Soft Cell’s Synth-Pop Dance Hit and the Emergence of Sampled Sounds

Soft Cell_Album Cover

Mike Thorne first heard Soft Cell’s version of the song “Tainted Love” on a demo while he was in London in 1981 working on the only film soundtrack he has ever produced—Memoirs of a Survivor. London Records called and asked if he would produce a couple of singles.

Thorne says the demo he originally heard was similar to what the end product became, but absent was the hooky “bink bink” noise, as well as the transition to the Supremes’ “Where Did Our Love Go?” which ended up on the extended version.

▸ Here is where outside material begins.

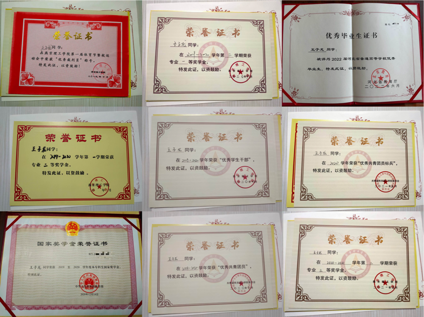 坚定且上进,不满足于现状,也不会拘泥于未来,是王子龙同学的真实写照。他在生活中去践行任务表上的清单,为自己的目标铺平道路。大学四年的时光里,他在学业上刻苦努力,四年成绩一直名列前茅,并获得了省级优秀毕业生、国家励志奖学金及校级奖学金等荣誉。

Dave Ball and Marc Almond (a.k.a. Soft Cell) had been playing the song previously recorded by Gloria Jones in 1964 and 1976 in bars. Hers had been an R&B version; theirs a re-worked synth-pop version based around Ball’s inexpensive Korg. When they met with Thorne, Almond presented him with a map of the song.

In Studio Two at Central London’s Advision—with a 32-channel Quad Eight console and an MCI 24-track tape machine—Thorne set up with engineer Paul Hardiman to record the drums first. The drum machine they brought in was broken, so Thorne borrowed a Roland from singer Kit Hain, with whom he was also working at the time.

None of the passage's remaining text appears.